PROBLEM TO SOLVE => In the listing that follows, give every line again exactly and omit the pictures.

GIVEN INFORMATION =>
══════════════════════════════

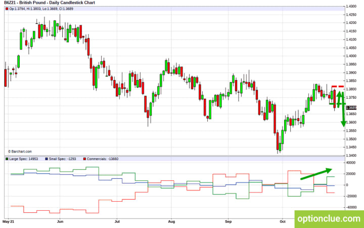 COT indicator increases. Large speculators are buying Euro and the professionals’ opinion doesn’t correspond to the market technical picture and it makes sense to reduce the position size when an entry point appears in the trend direction.
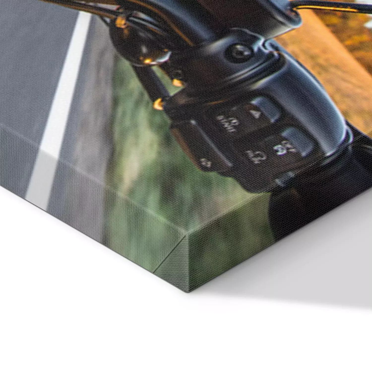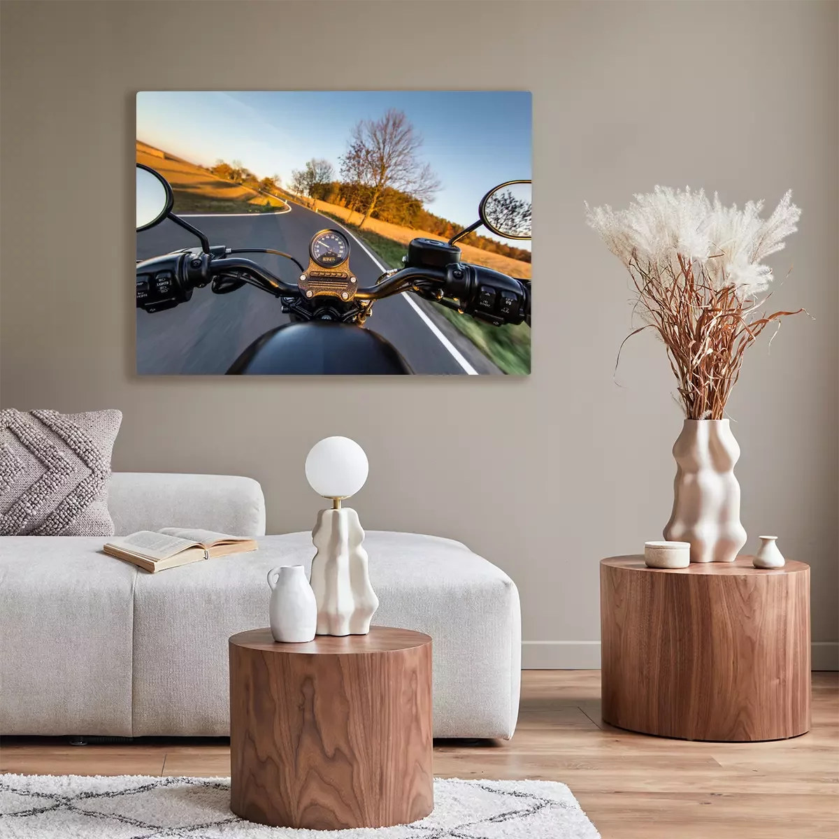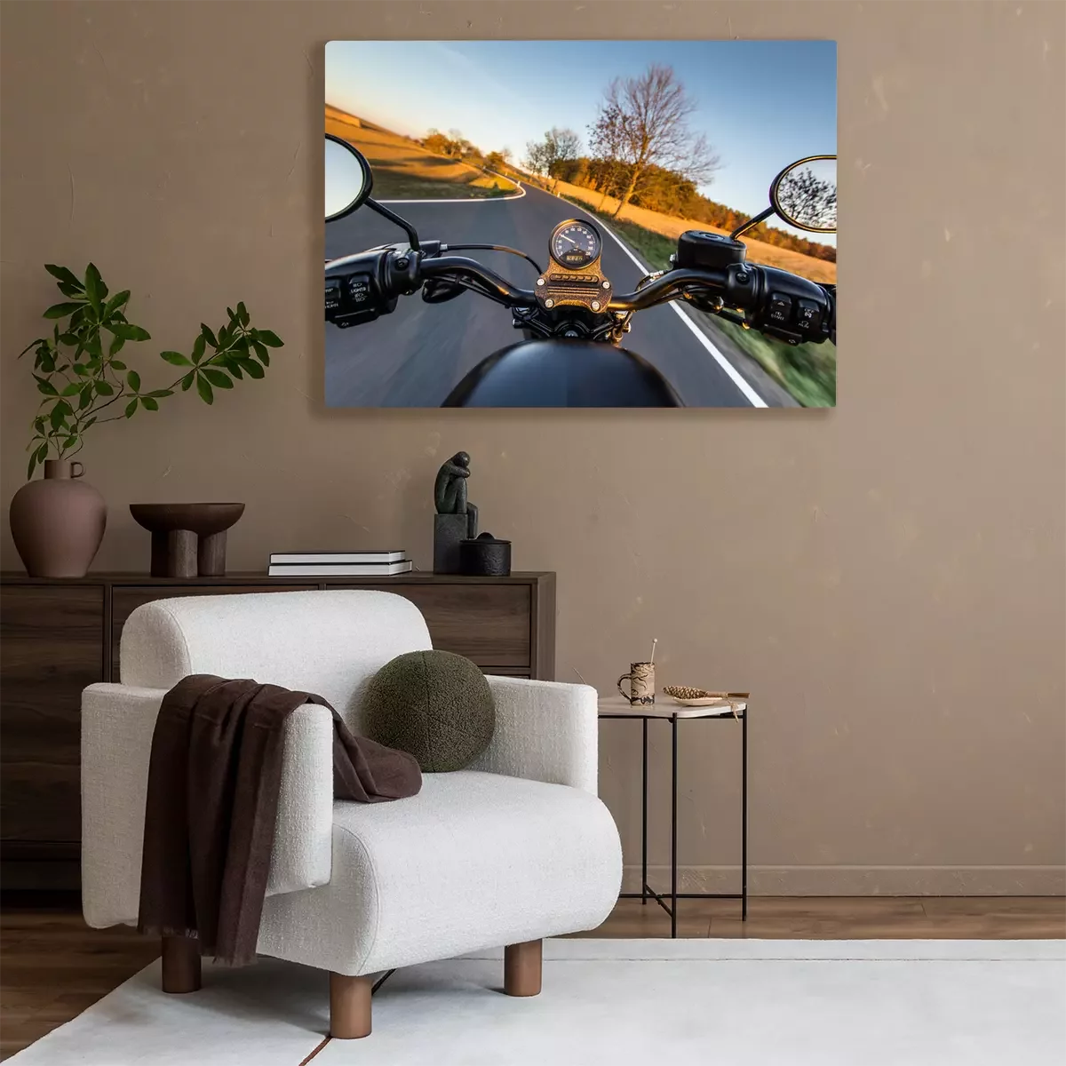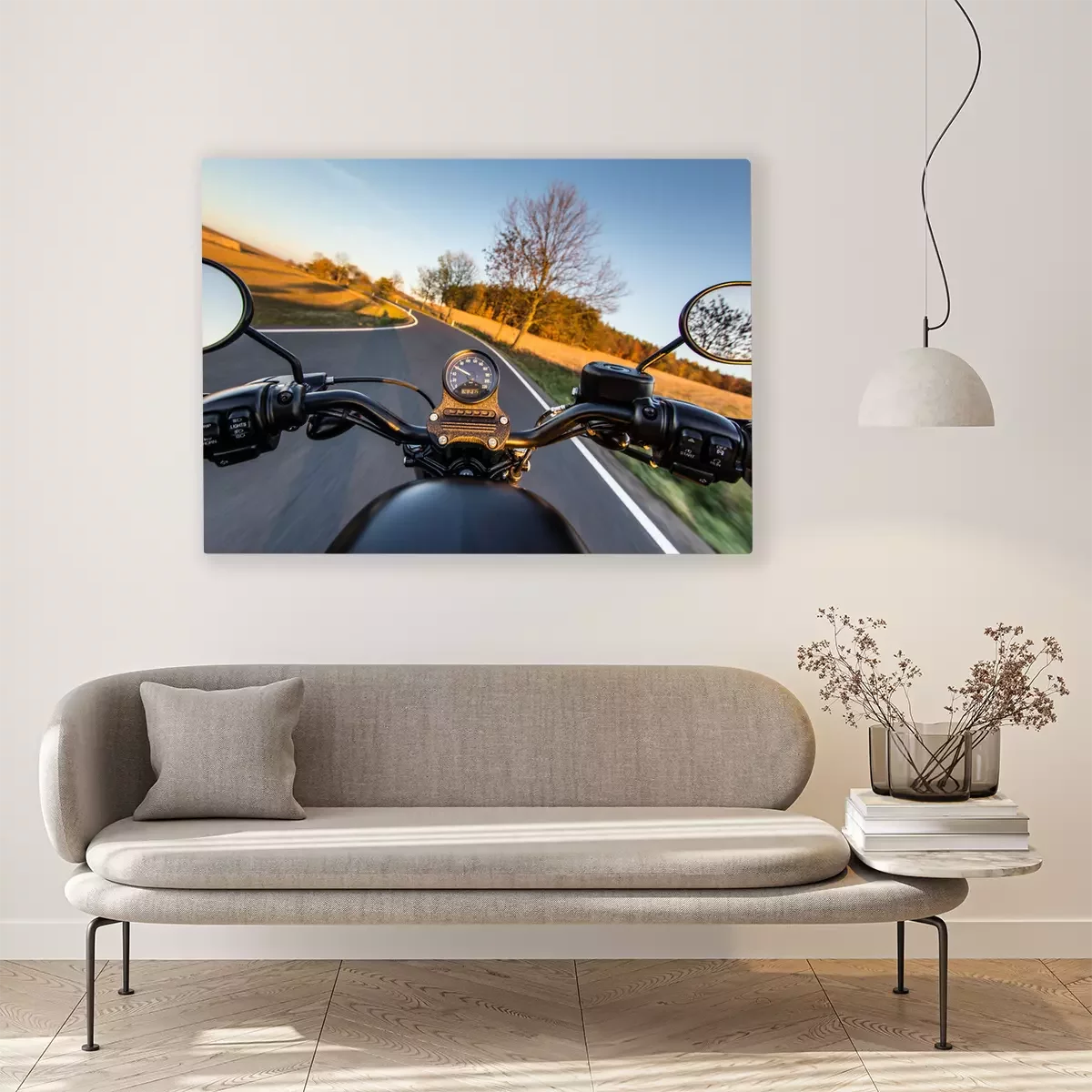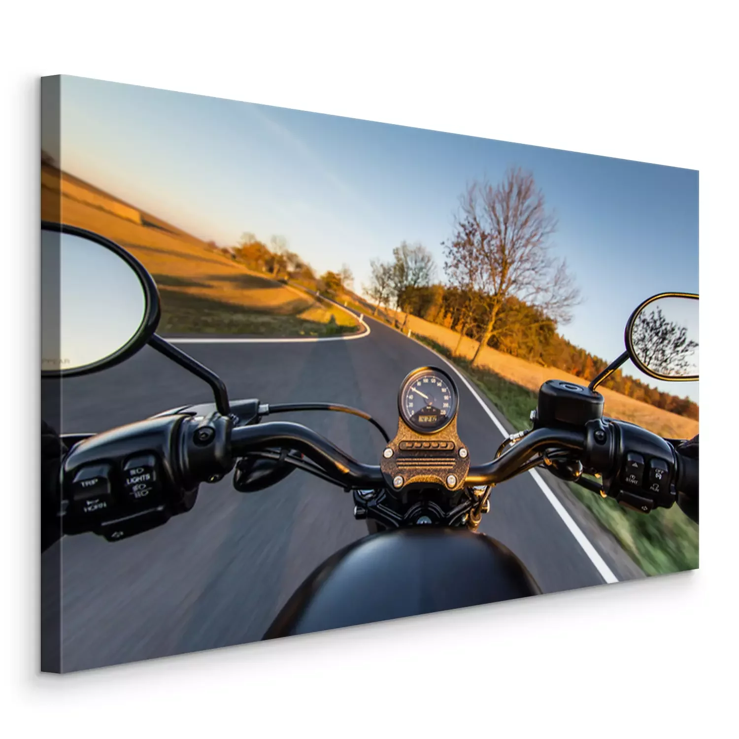 Canvas Het uitzicht over het stuur van een versnelling motorfiets
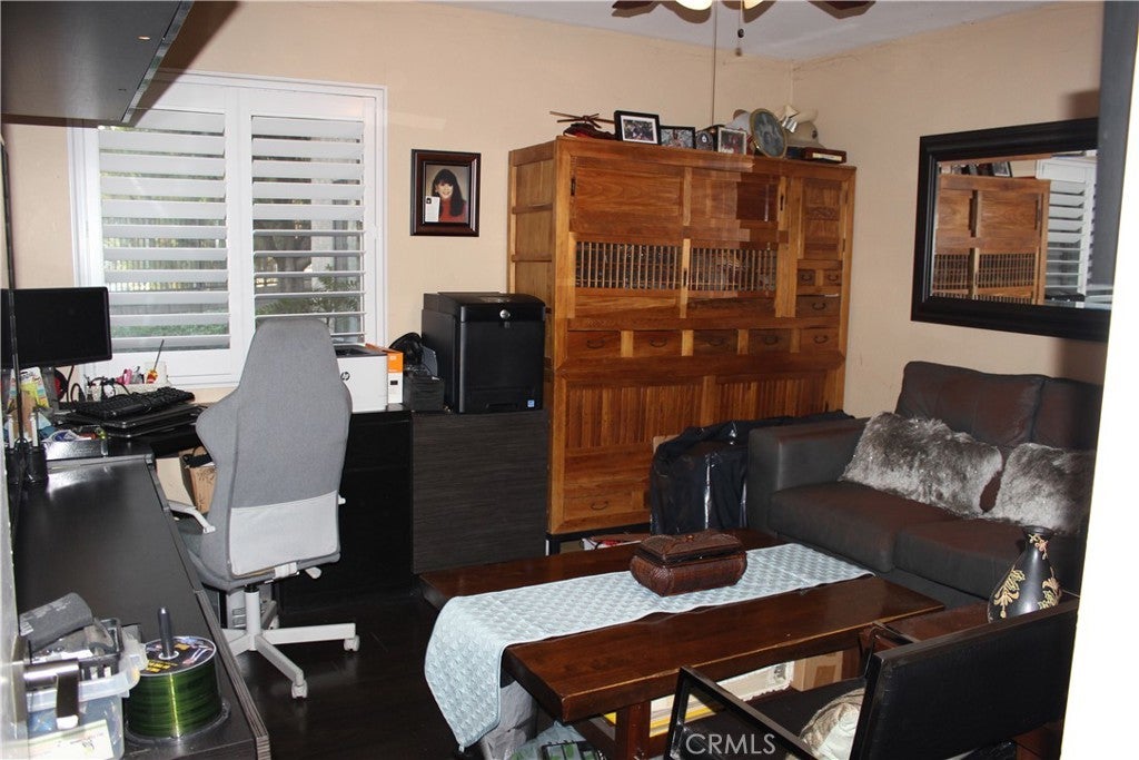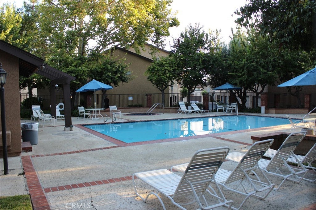 Spacious and move-in ready, this beautifully updated single-level end unit offers 2 bedrooms, 2 bathrooms, an indoor laundry room, and an attached 2-car garage. Enjoy a large primary suite with two generous closets, upgraded bathrooms and kitchen, and wood flooring throughout. The living room features a cozy gas fireplace, and plantation shutters add a touch of elegance throughout the home. Additional highlights include a covered patio, newer HVAC (approx. 3 years old), and abundant natural light thanks to its end-unit location. Community amenities include multiple pools, guest parking, and serene park-like grounds. A rare blend of privacy, style, and convenience! The HOA covers water, trash, sewer, roof, termite, gardening, pool maintenance, insurance, and more—making this home both low-maintenance and high-value. Located just minutes from Freeways 60 and 10, shopping, restaurants, and public transportation.

══════════════════════════════

RESPONSE FOR THIS EXERCISE =>
 COT indicator increases. Large speculators are buying Euro and the professionals’ opinion doesn’t correspond to the market technical picture and it makes sense to reduce the position size when an entry point appears in the trend direction.
 Canvas Het uitzicht over het stuur van een versnelling motorfiets
 Spacious and move-in ready, this beautifully updated single-level end unit offers 2 bedrooms, 2 bathrooms, an indoor laundry room, and an attached 2-car garage. Enjoy a large primary suite with two generous closets, upgraded bathrooms and kitchen, and wood flooring throughout. The living room features a cozy gas fireplace, and plantation shutters add a touch of elegance throughout the home. Additional highlights include a covered patio, newer HVAC (approx. 3 years old), and abundant natural light thanks to its end-unit location. Community amenities include multiple pools, guest parking, and serene park-like grounds. A rare blend of privacy, style, and convenience! The HOA covers water, trash, sewer, roof, termite, gardening, pool maintenance, insurance, and more—making this home both low-maintenance and high-value. Located just minutes from Freeways 60 and 10, shopping, restaurants, and public transportation.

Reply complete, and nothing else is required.